"Blogpost the First"
My younger brother challenged me to start a nature-walking blog with photographs for the new year, 2017. Tomorrow is New Year's Eve and willow, cottonwood, and sycamore along the Los Gatos Creek Trail hold aloft their last autumn leaves in yellow. Today I hear all around me the zip zip chirree chirree of Annas hummingbirds.
Now in my late forties, my "depressive realism" shows me that, indeed, a lot of people are having a lot more fun in more brochure-worthy surroundings than I am. Their coffee is frothier; their peaks are higher; their teeth are gleamier and their shots are crowded with smiling family, partners, friends and other people wearing better sweaters and seemingly all really excited about something. A lot of my shots frame a leaf or a bird or a tree, sometimes a stone: A good majority are unpeopled.
Many of my walks are humble, close to home routes taken and retaken. If I can place myself within these walks in the moment, then they always reveal new things both within and around me.
I am able to join myself in this walk looking down at the Los Gatos Creek at coots and mallards and screens of treetops without the pain of those I believe to be missing. Who should walk beside me? Who in my life would enjoy this walk and with whom am I anxious to share these paths? These are the types of distracting thoughts which beset me in my thirties. They would take me out of place and make even the now feel like lost experience. Many trees are stripped down to the bones fragmenting the clear sky.

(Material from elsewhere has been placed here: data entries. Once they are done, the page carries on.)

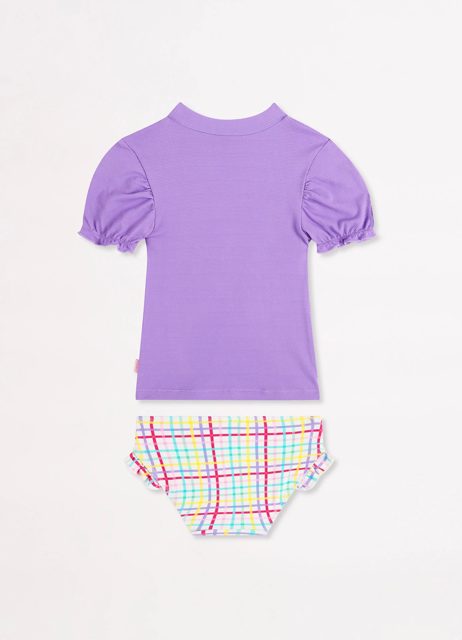 The Portifino Puff Sleeve Surf Set for girls is a short sleeve rash vest featuring puff sleeves and ruffles on the sleeves and leg opening. This surf set is perfect for all-day comfort and extra sun protection. Β
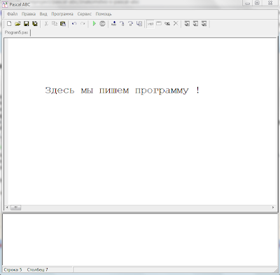 Ниже расположена окно вывода (в нём будет показан результат нашей программы).
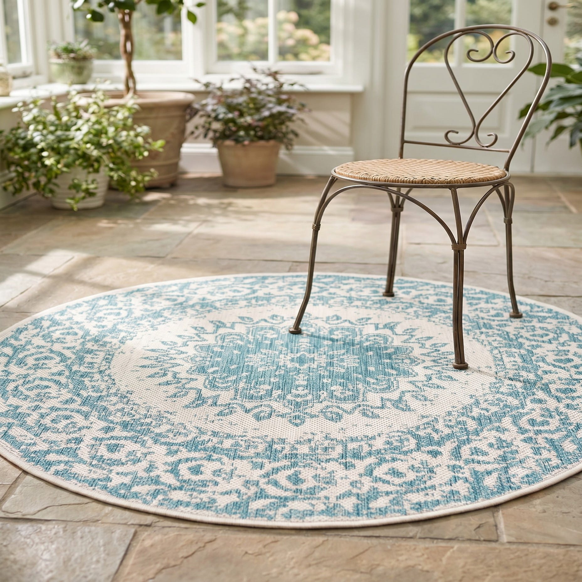 3' x 3' Easy-Clean Traditional Indoor / Outdoor Round Rug
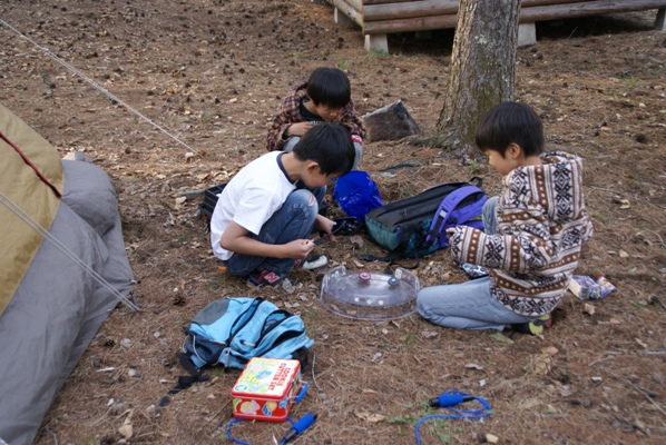 | 2日目も火遊びに精を出す子供たち。夜は冷え込むので焚火が楽しい季節。 |

I think of calling a few friends back because I will be doing that more often this year. We all need other people; to fight this need is to fight one's own nature. I need the clamor of others. Merry-go-rounds have just never been a solitary activity. One boy stands dead center in the circle trying not to move or stumble and surrounded by laughing and shouting assorted children.
You can try to ride it alone, but it is cumbersome, too tiring. One has to perform too many roles. You hear the grinding of the gears. My year has ended untidily with lots of smears, blurs, and things as yet unreached. My days have turned up unsuitable for the sonnet but I can still sing my song.